Purpose of review
The toxicity of irinotecan is predictable, manageable and nonadditive in the majority of patients; however, with its increasing use alone and in combination with other agents and modalities, the recognition and control of these adverse effects remain a clinical challenge. Major efforts over the last several years have focused not only on adding fluoropyrimidines and epidermal growth factor receptor inhibitors to irinotecan, but also investigating factors that account for interindividual differences in toxicities.
The association of uridine diphosphoglucuronosyl transferase 1A polymorphisms with increased irinotecan-induced diarrhea and neutropenia, the dose adjustment of irinotecan in the setting of hepatic dysfunction and the observation that ‘chemo’ liver can develop in the neoadjuvant colorectal cancer setting are recently reported. Also, data from the Sandostatin LAR Depot Trial for the Optimum Prevention of chemotherapy-induced diarrhea support the 30 mg dose of octreotide LAR to manage the condition.

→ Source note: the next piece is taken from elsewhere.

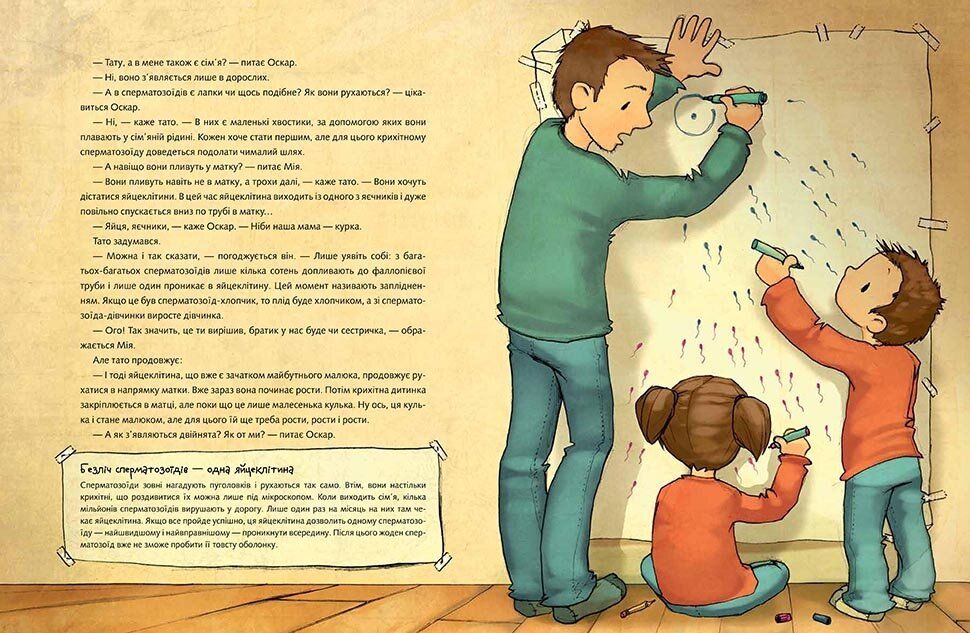 В Оскара та Мії скоро з’явиться братик чи сестричка. І це страшенно цікаво! Як малюк взагалі опиняється в маминому животику? Чи падає йому на голову їжа, коли мама обідає? Чим відрізняються хлопчики від дівчаток? На всі ці дитячі запитання книга має делікатні пояснення з цікавими розповідями та картинками. Наприкінці книги, дізнавшись багато нового, Мія та Оскар радіють народженню маленького братика.

Recent evidence demonstrates that patients with hepatic insufficiency, uridine diphosphoglucuronosyl transferase 1A polymorphisms (e.g. 1A1*28 homozygotes and heterozygotes), are at greater risk for irinotecan-induced toxicity. Adjusting irinotecan's dose to the degree of hepatic insufficiency is now established. While ‘chemo’ liver is not specific to irinotecan, its occurrence influences strategies for treating advanced colorectal cancer. Finally, controlling chemotherapy-induced diarrhea with 30 mg of octreotide LAR is adequate for most patients.